Извините, что занимаю ваше время всякими байками (а, может, и не байками вовсе). Но ровно столько я ждал, пока принесут мою веселую и незатейливую историю. Я простил продавщице ее оплошность, когда она не вернулась спустя секунду, как и обещала. Кто ж успеет. Но прошло больше пяти минут, а милой девчушки все нет.
Вечереет, успеть бы на автобус.
Наконец, она выскочила из подсобки и направилась к кассе, держа в руках маленькую тоненькую книжечку «на зубок».
– Держите. Эта книга моей хорошей знакомой. В продаже еще нет, поэтому, считайте, эксклюзив в дар!
– Премного благодарен, но… не стоило. Я заплачу, поддержу начинающего писателя. Знаю, это дело непростое, сам когда-то пробовался. Не вышло. Хорошо хоть в редакции нашлось местечко.
– Всего доброго. Кажется, ваш автобус подъехал.
Обложка непримечательна. Что плохо. Сейчас вот как привлечь? Чтобы захотелось в руки взять, рассмотреть… Или кликбейт, или двусмысленная картинка. Подметишь суть, лишь приглядевшись. Или материал подобрать тактильный. Кожа, атлас. Дорого, но работает. Это я как сотрудник отдела типографии заявляю. А тут обложка как обложка. Белая. С мультяшным котенком посередине.
Жена уже спала, когда я вернулся домой. Пес приветливо встретил и повел к пустой миске. По вечерам дома особенно уютно. Тусклый свет на кухне порой дребезжал, лампочку бы заменить. Завтра. А сегодня чай и новая книга. Веселая и незатейливая история. А милая все-таки эта продавщица. Маленькая, юркая. Вчерашний ребенок. И не страшно ей одной, с призраком в магазине. Или небылицы все это?
Людвиг, наевшись, запрыгнул на диван и засопел. Таинственная тишина проникла в комнату сквозь сетчатые занавески с потоком январского дыхания. И вот, что я прочел (не смею задерживать вас, потому упускаю невинное предисловие):
I
О таком не вспоминают и уж тем более не пишут. Стараются не думать. Прячут куда подальше в чертогах памяти и забрасывают ключ в омут сознания. Чтобы избежать соблазна открыть тайную комнату, куда запрещено заходить и детям, и взрослым.

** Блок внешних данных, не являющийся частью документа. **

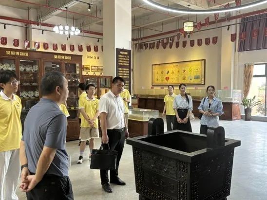公司书记老师与队员们在董事长吴世海先生的陪同下探访了广宁县江屯镇江合村的茶产业基地,吴世海先生简要介绍基地的基本情况,并带领大家参观了古今中外茶博物馆以及昊展博物馆,就茶文化的传承与发展与我们进行了交流。经过此次的交流学习,实地调研取得了更详细的信息,丰富了调研报告内容。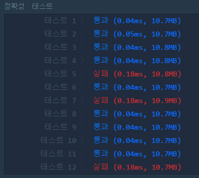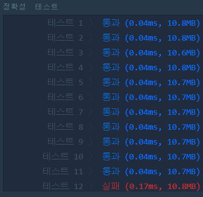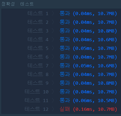 그 결과, 12번 테스트 케이스를 제외하고는 모두 통과했다. 솔직히 테스트 12가 대체 뭐길래 틀리는거지 싶었고, 전혀 감이 오지 않았다. 고민하다가 문제를 다시 봤더니 제한 사항 중 간과하고 있던 게 있었다.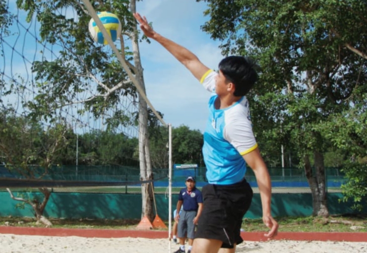 Jorge entrena fuerte día a día en las instalaciones acondicionadas al voleibol de playa en la Unidad Deportiva “Riviera Maya”, con un solo objetivo: clasificar a los Juegos Nacionales Conade 2022.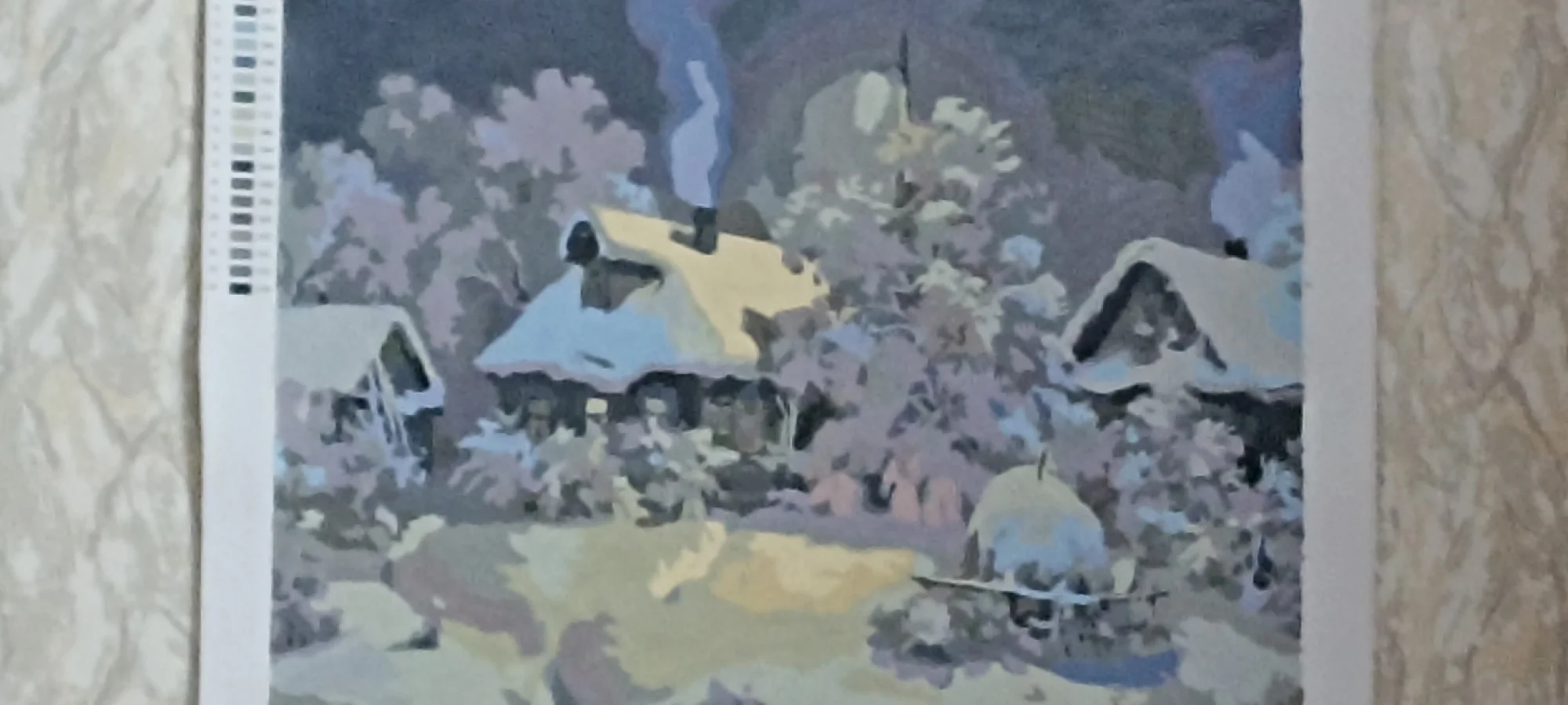 Холст упакован хорошо. ничего не помялось. Краски свежие, в более, чем достаточном количестве. Осталось ещё на 3-4 картины. Контур рисунка хорошо прорисован, но цифры проставлены не везде. Нет оригинальной картинки в наборе, поэтому сложно подобрать нужный цвет.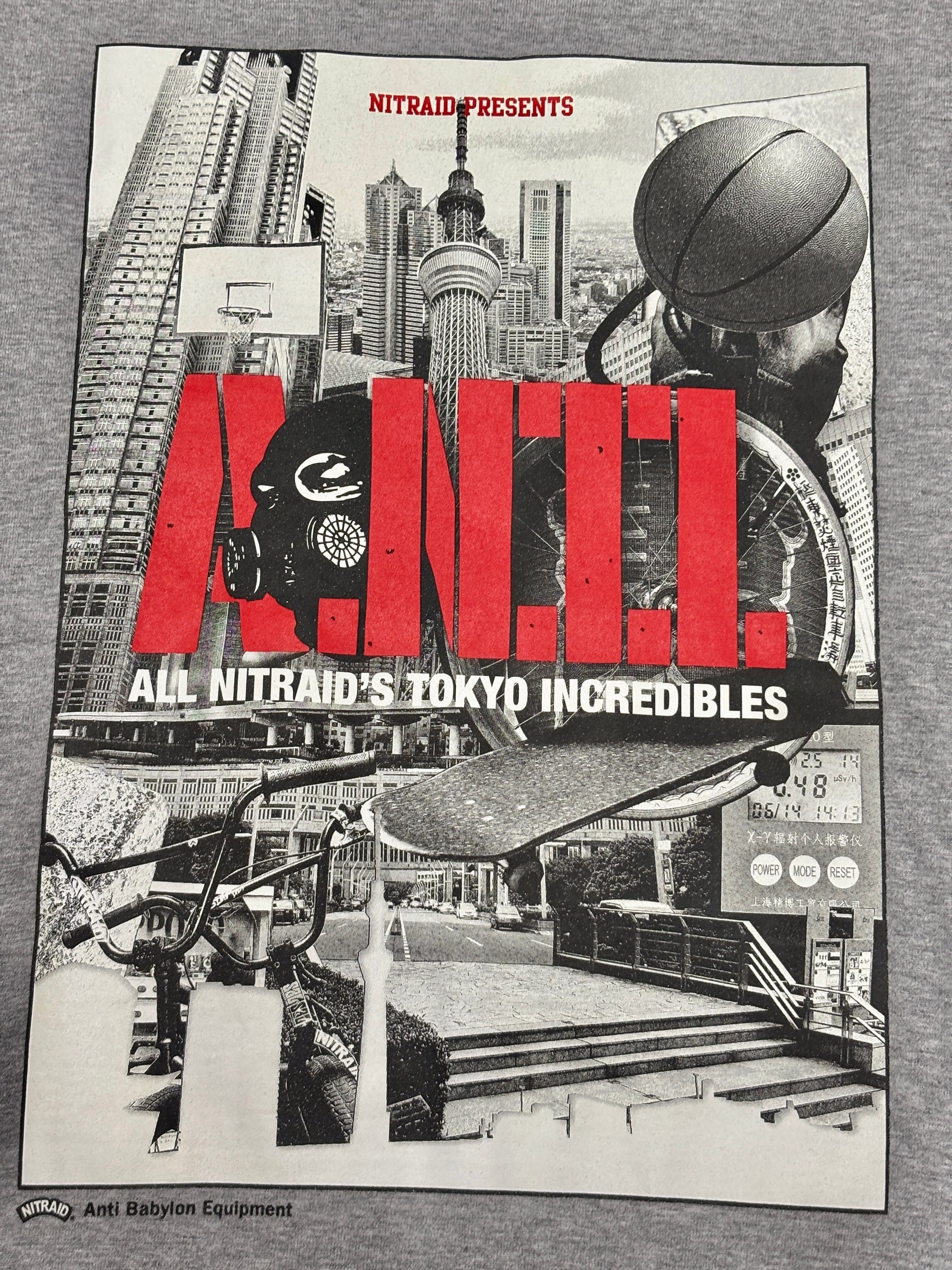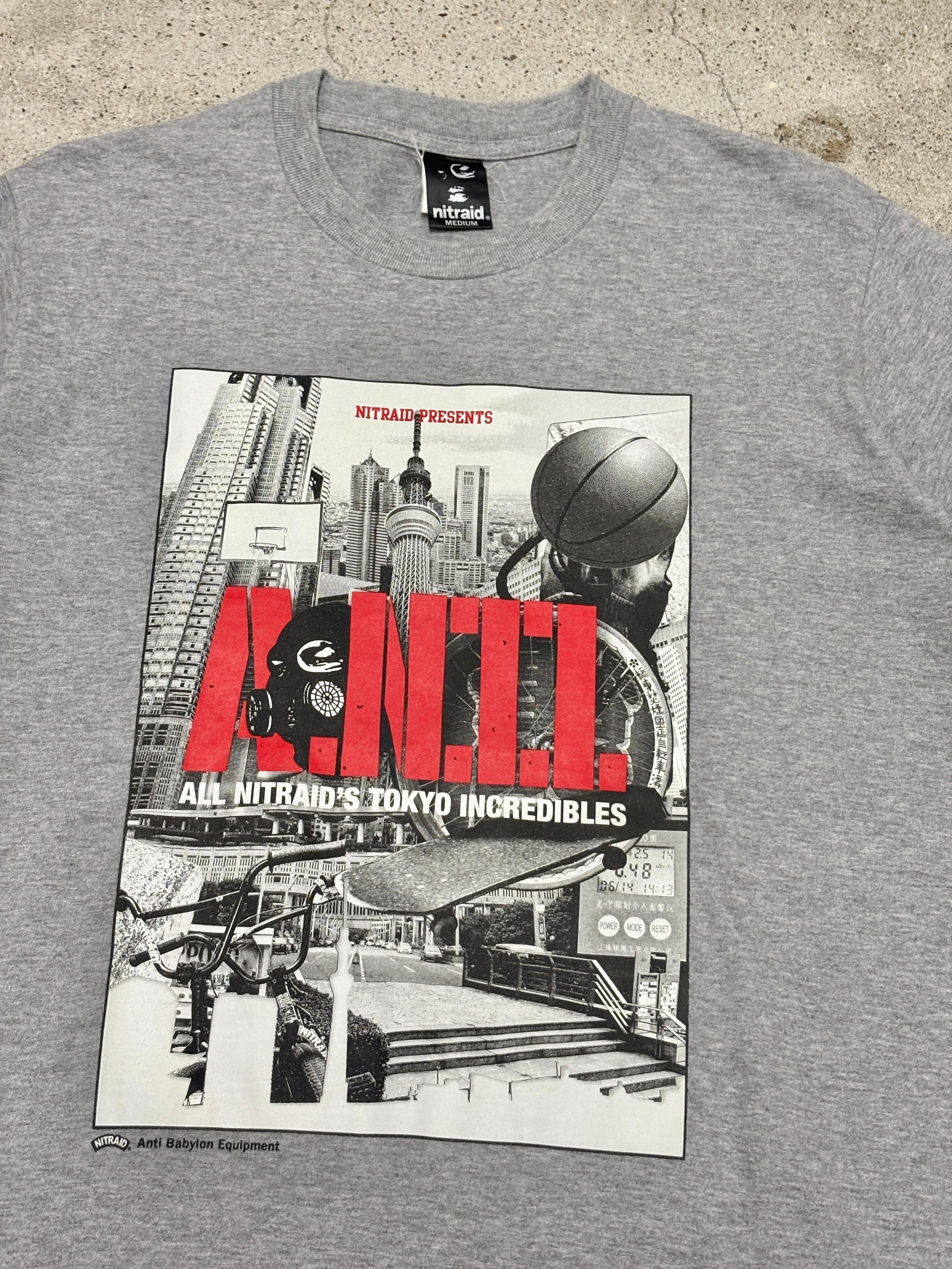 00s NITRAID/Graphic print Tee/M/グラフィックプリントTシャツ/TOKYO/ロゴプリント/グレ-/ナイトレイド/NITRO/NITRO MICROPHONE UNDERGROUND/古着/ア―カイブ

Однажды я проникла в эту комнату и теперь… Все кажется искаженным и зловещим. Мир, люди. И в особенности дети.
Мне 5. Мы живем в деревне. Я, мама и младшая сестра, ей три. По будням мы ходим в садик. Мне грустно, когда мама задерживается и забирает нас последними. Воспитательница злится, лишь нянечка Люба остается ласковой. Гладит волосы и зачем-то кладет в карман мятные конфетки и бутерброд, завернутый в фольгу.
Моя мама красивая. У нее черные вьющиеся волосы и добрые глаза. Она всегда хочет спать. Наверное, поэтому у нее такие мешки под глазами, а ноги заносит от усталости. А еще она одинока. Не знаю, когда я это поняла. До рождения сестры или после. Ведь отца Таи я не видела.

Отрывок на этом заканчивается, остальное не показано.